The quake struck at a depth of 31 kilometers (19.6 miles), with an epicenter about 79 kilometers (49 miles) southwest of the port city of Coquimbo, Chile, which has a population of more than 106,000. The nearest Chilean city of Ovalle (population about 104,000) is 40 kilometers (25 miles) from the epicenter, according to the USGS.

The quake hit on Tuesday at 9:33 pm local time (00:33 Wednesday GMT). 

Previously, the USGS placed the epicenter about 196 kilometers (122 miles) northwest of the Argentinian city of San Salvador de Jujuy (population over 178,000).

There were no immediate reports of casualties or significant damage.
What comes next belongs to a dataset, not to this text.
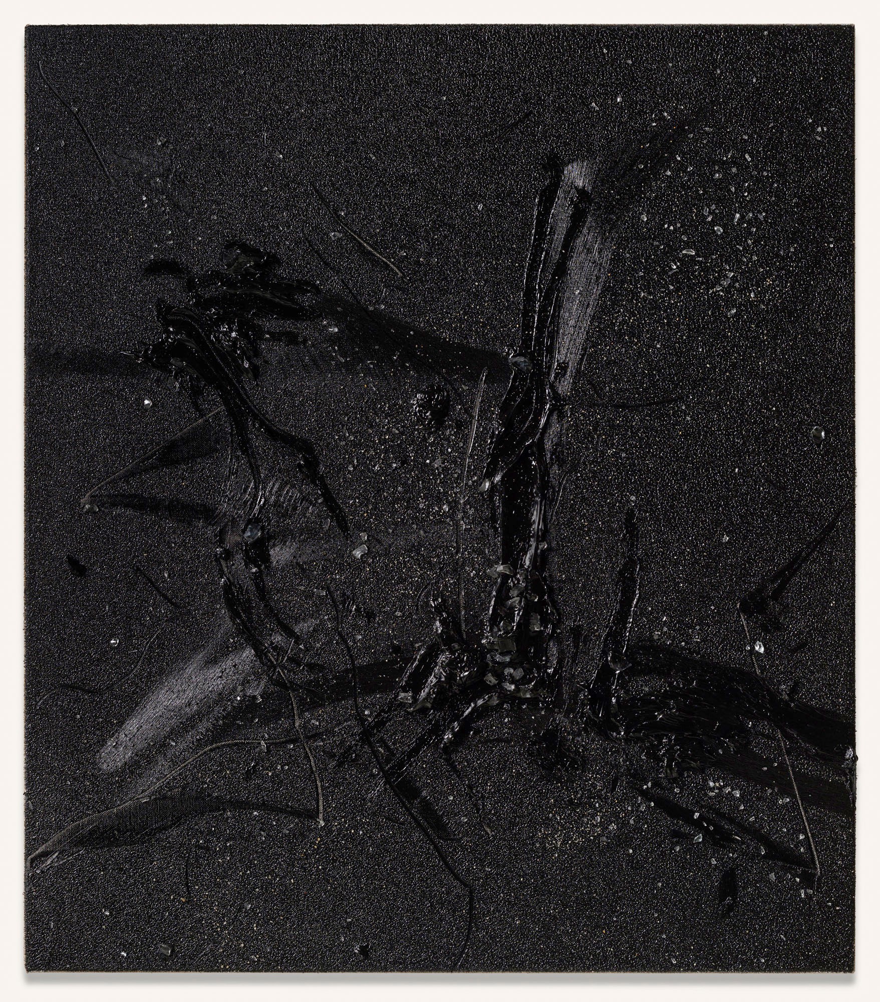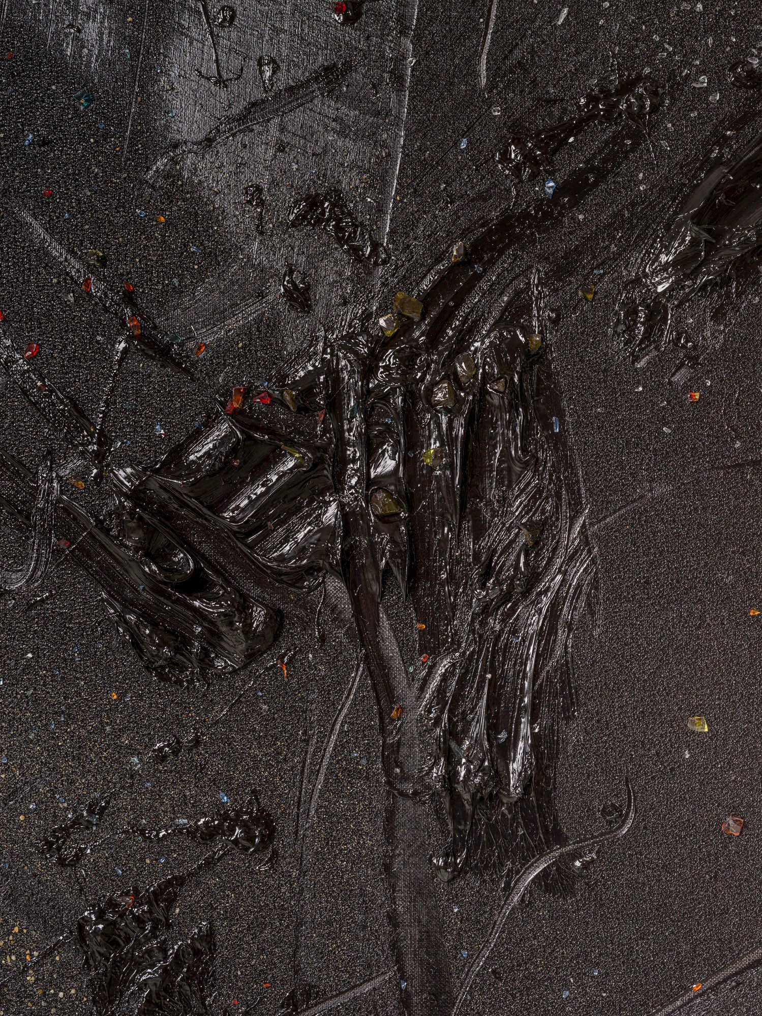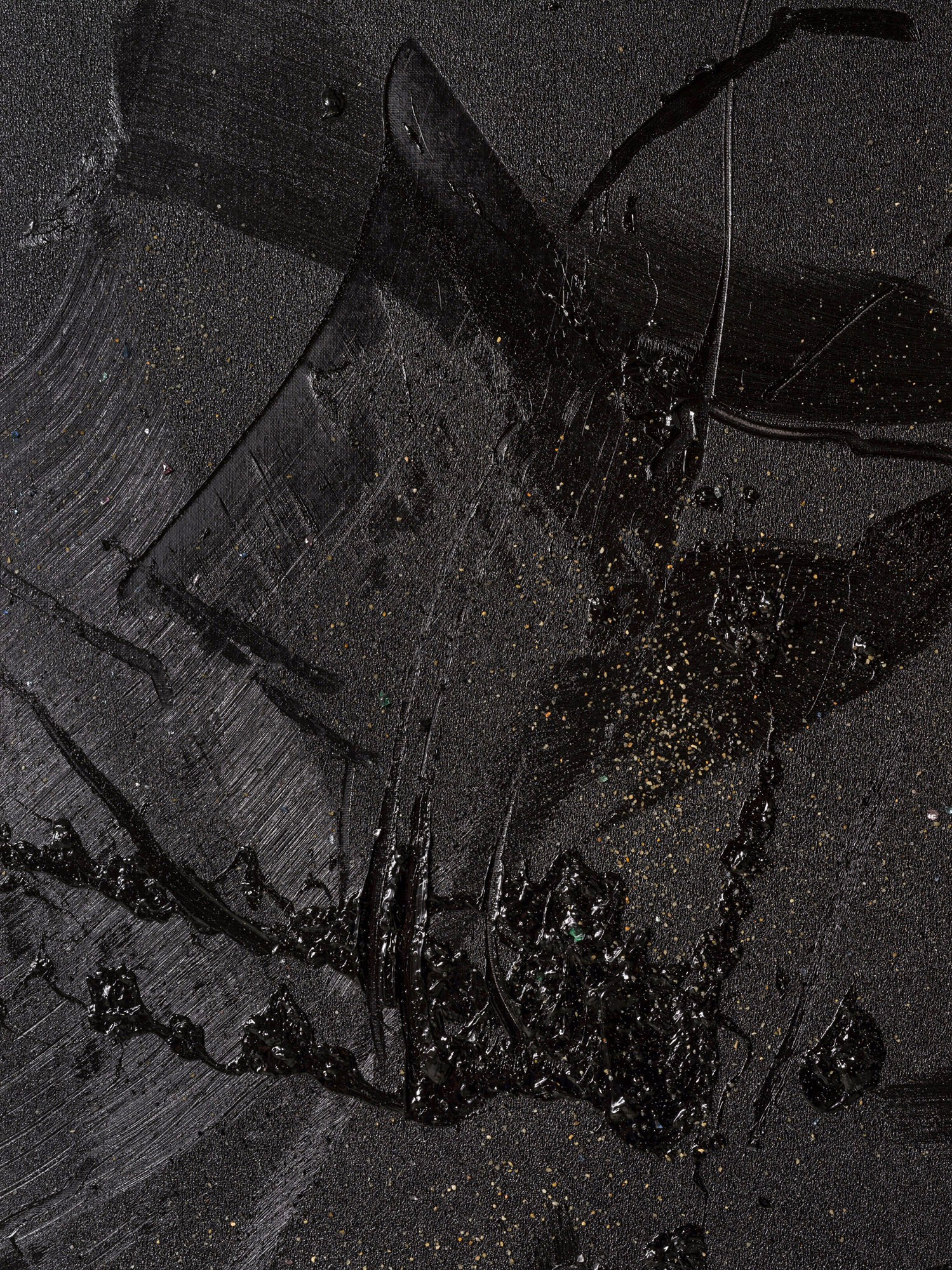 The Tacmo paintings, Tacmo standing for speed or velocity, are black paintings made from thick layers of paint through which Heinzmann drags his fingers, making negative imprints. In contrast to the pigment paintings where elements are added, here we see form emerging through the taking away of matter but we also see how close those two things are, in a way.

Chile’s capital of Santiago, which has a population numbering in the millions, is some 326 kilometers (203 miles) away from where the quake hit.

Multiple homes were left without power following the tremors, Chile’s emergency office said. There were also reports of rocks falling on the highway.

Meanwhile, the navy has confirmed that the quake was not powerful enough to trigger a tsunami.

Chile stretches along the so-called Ring of Fire, where the vast majority of the Earth’s quakes occur. Also known as the circum-Pacific belt of seismic activity, the Ring marks regions where neighboring tectonic plates violently clash. Most recently, a massive 8.3 earthquake in September of 2015 triggered tsunami waves that inundated the Chilean coast, flooding the streets and forcing people to seek shelter on higher ground. The incident left at least 13 dead.